7 Foods You Should Never Eat If You Have Tinnitus

7 Foods You Should Never Eat If You Have Tinnitus

By Doug Morris

Many tinnitus sufferers wonder what foods to avoid if they have tinnitus. Help relieve the ringing in your ears by following this handy guide on which foods trigger tinnitus and which foods you should avoid.

Did you know that certain foods can trigger tinnitus and might even be making your tinnitus worse?

Doctors and scientists all over the world have dedicated years of research to understanding what tinnitus is, if there is a way to make tinnitus go away and which foods you should avoid if you suffer from tinnitus.1

You might have noticed that certain foods cause your tinnitus to get worse. If that’s the case, you’re not alone. There are plenty of stories of people who have found that their diet can make tinnitus worse.

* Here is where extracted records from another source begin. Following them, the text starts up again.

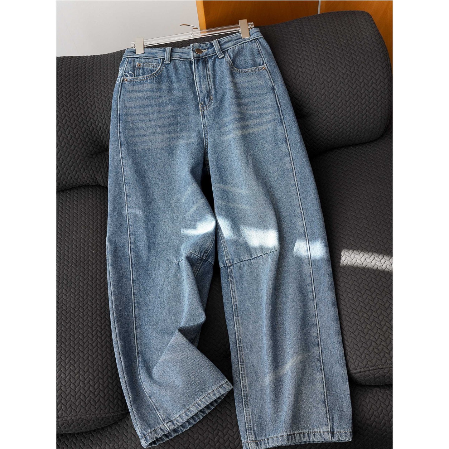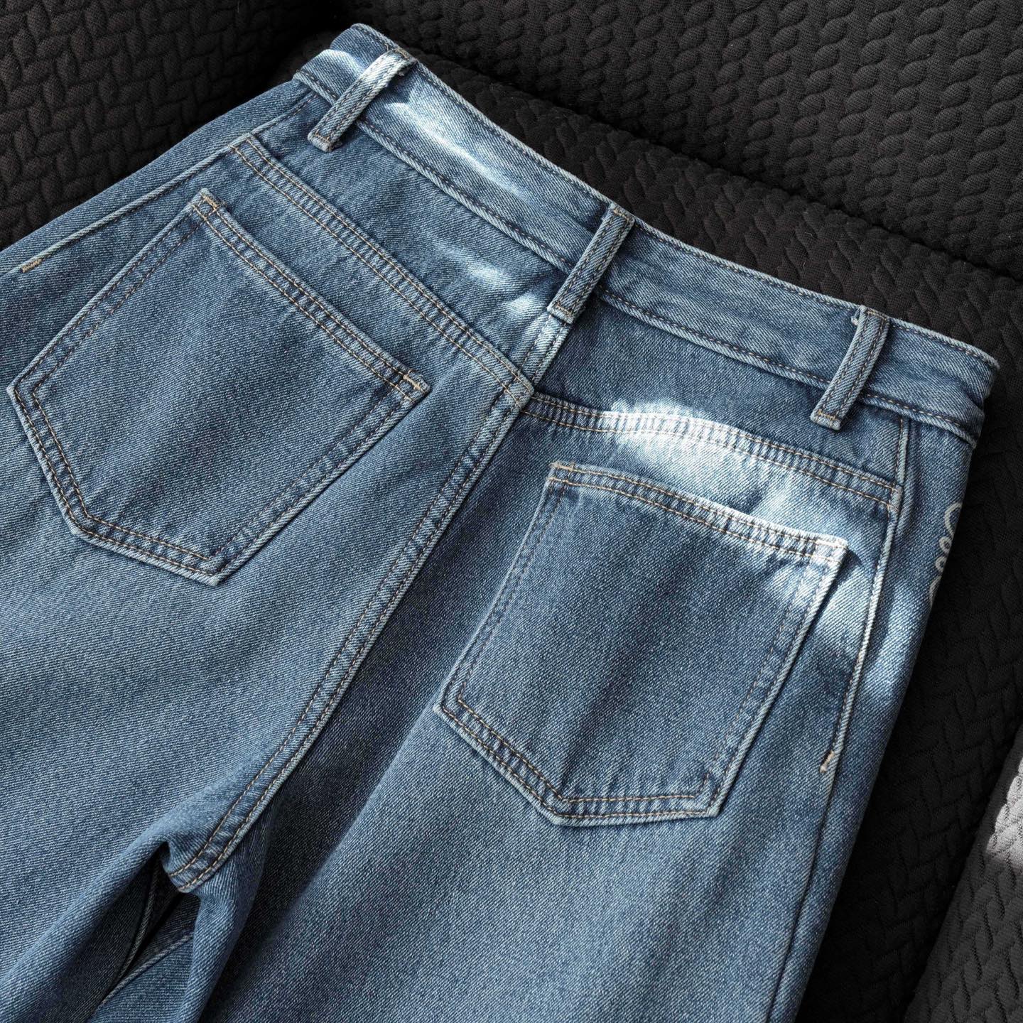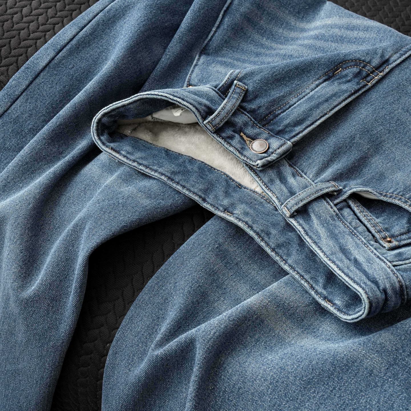💰139元包邮, 【68217 】杨幂同款 加绒加厚 高腰弯刀阔腿裤 微阔剪裁 做旧水洗处理 加绒内里更是把温暖与时髦焊在了一起
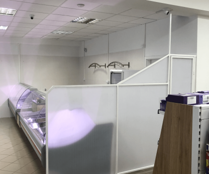 SpišMarket - Spišská Nová Ves predeľovacie steny a priečky z komorového Lexanu – farba opál, hrúbka 10 mm.
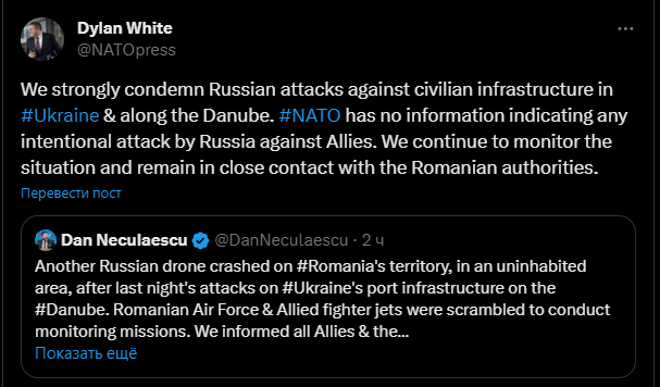 "НАТО не располагает информацией, указывающей на какие-либо намеренные атаки России против союзников. Мы продолжаем следить за ситуацией и находимся в тесном контакте с румынскими властями", - добавил Уайт.
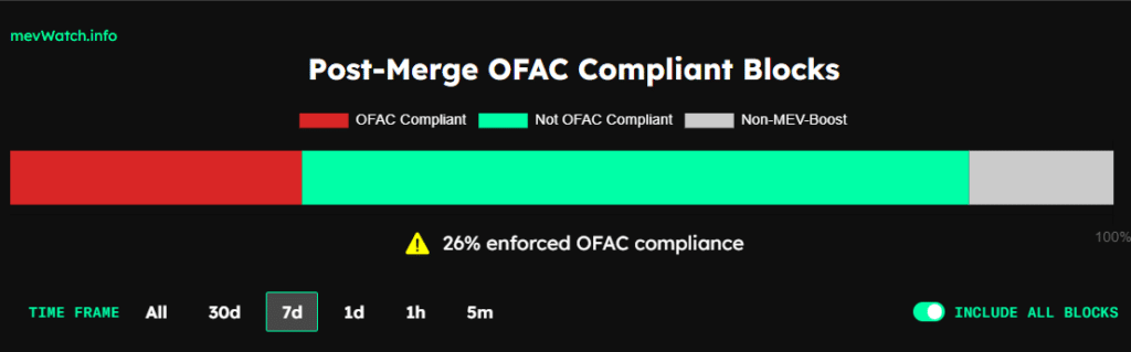 Para fundamentar esta postura, Eric Wall detalló lo que ocurrió hace poco en Ethereum en relación con el MEV. En un momento, el 80% de los bots de MEV que usaban los validadores de Ethereum estaban obligados a cumplir con normas de la Oficina de Control de Bienes Extranjeros (OFAC) de Estados Unidos.
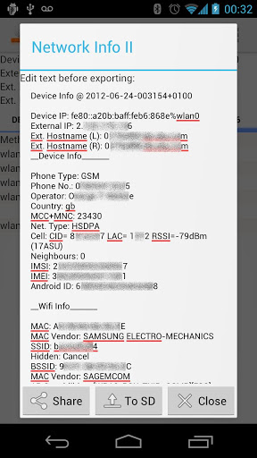 •Current mobile Cell and any neighbours, along with their signal strength, location info and type.

In fact, in 2022 scientists surveyed over 5,000 tinnitus sufferers to see which foods were most likely to trigger ringing in the ears for tinnitus patients.2

This list of seven foods to avoid if you have tinnitus is backed by scientific research and will explain why eating could trigger your tinnitus.3

So, before you do anything else, take stock of your pantry, your grocery list and your favorite takeout options.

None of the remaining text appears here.